» **What the task requires**: Please repeat exactly the lines from the one containing "프레스유니온 강찬희 기자" through the last line of the records below, leaving out any pictures.

» **Source material**:
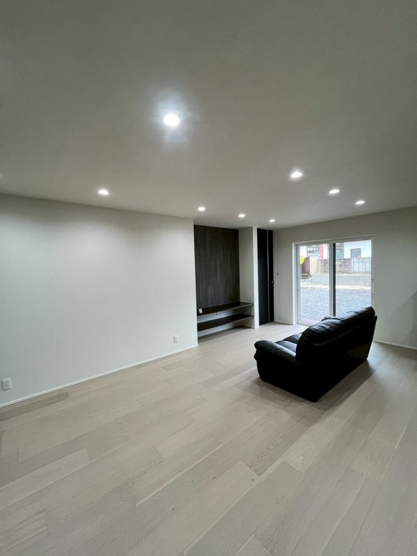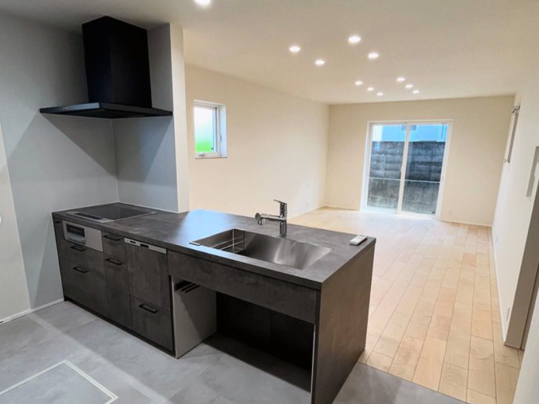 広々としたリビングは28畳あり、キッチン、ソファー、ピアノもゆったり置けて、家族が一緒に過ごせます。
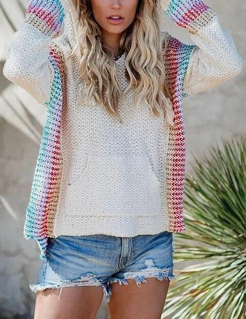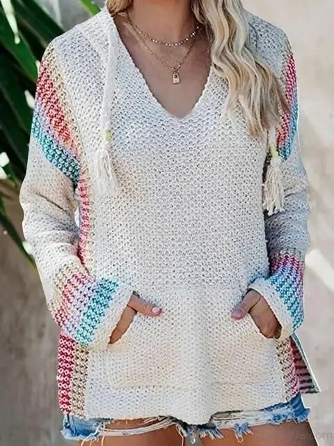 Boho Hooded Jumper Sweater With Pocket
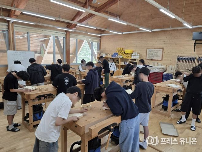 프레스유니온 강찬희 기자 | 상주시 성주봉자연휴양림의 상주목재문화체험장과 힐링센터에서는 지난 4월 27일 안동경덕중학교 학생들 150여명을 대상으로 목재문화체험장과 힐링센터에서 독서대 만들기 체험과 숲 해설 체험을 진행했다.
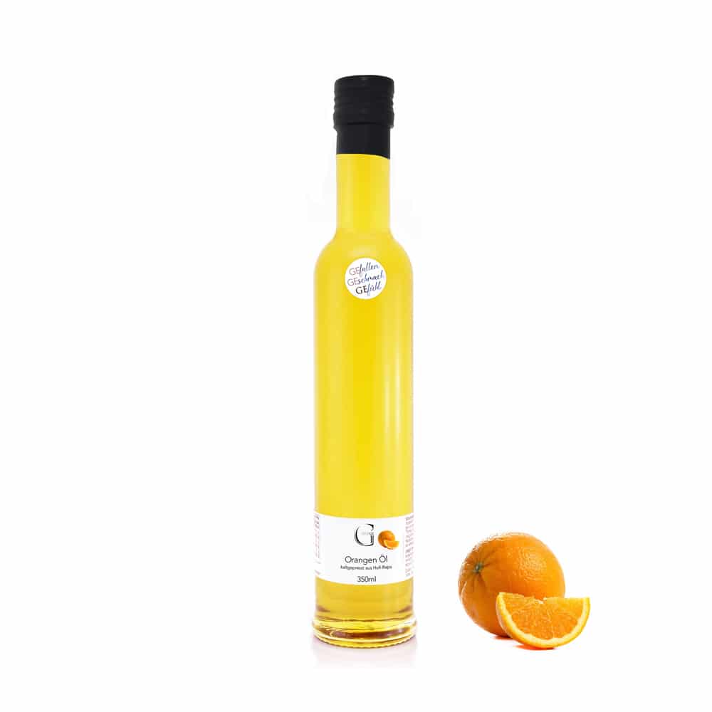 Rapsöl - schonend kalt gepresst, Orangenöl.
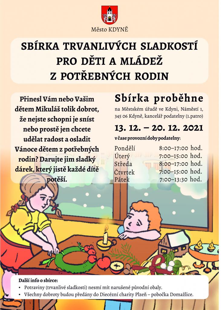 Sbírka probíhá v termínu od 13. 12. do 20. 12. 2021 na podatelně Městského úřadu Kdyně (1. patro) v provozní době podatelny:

» **Response**:
 프레스유니온 강찬희 기자 | 상주시 성주봉자연휴양림의 상주목재문화체험장과 힐링센터에서는 지난 4월 27일 안동경덕중학교 학생들 150여명을 대상으로 목재문화체험장과 힐링센터에서 독서대 만들기 체험과 숲 해설 체험을 진행했다.
 Rapsöl - schonend kalt gepresst, Orangenöl.
 Sbírka probíhá v termínu od 13. 12. do 20. 12. 2021 na podatelně Městského úřadu Kdyně (1. patro) v provozní době podatelny:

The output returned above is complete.